It's rare to see any immigrant experience through a young woman’s perceptions, and it’s undeniably charming to see the preternaturally poised Saoirse Ronan, in a performance both polished and feeling, as a timid girl thrown into the brash new world of post-War America. While sad to leave her family behind, her mother and selfless sister insist she escape her dismal prospects in County Wexford. The poignant farewell at the dock is a scene that would have taken place many thousands of times.
Although kindly Father Flood (Jim Broadbent) has placed Eilis in the boarding house of strict but hilarious Ma Kehoe (Julie Walters) and with a job in a smart department store, she’s soon overwhelmed by the big city and homesick for Ireland. It’s only after she meets Italian-American Tony (Emory Cohen), who is crazy about her, that her wardrobe improves strikingly, her tastes broaden, the American Dream beckons… Until, that is, sudden tragedy requires she return home, where all things conspire to keep her there, not least the previously unattainable perfect match, Jim (Domhnall Gleeson), presenting a safe alternative future.

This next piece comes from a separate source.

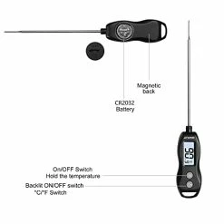 - β Easy to use – Simply insert probe into your food or liquid and wait for 3~4 seconds until final temperature is displayed; Built-in Magnet; IP66 Rated Waterproof; Probe length is 5.2″.

Nick Hornby’s adaptation of Colm Tóibín’s classic leaving-home story focuses sensitively on Eilis’ vulnerability and conflict. For a guy who made his name nailing the modern male, Hornby is on a roll dramatising women well, in An Education, Wild and here. Director John Crowley, too, is not someone you immediately associate with more heartfelt material, having set out his stall with Boy A and most recently episodes of True Detective. He seems to have revelled in making this as gorgeous and emotive as possible, and it’s a real treat, as is the cast. Cohen was either cast because he looks like Marlon Brando in On The Waterfront or he has made a study of it; he’s one lovable, lost-for-words plumber.
It’s fortunate Ronan is so movingly mixed up dithering between two countries and two men, because Eilis is for a time infuriatingly passive. Her inability to say what should be said makes you want to scream. But that is painfully believable, and not just in 1952.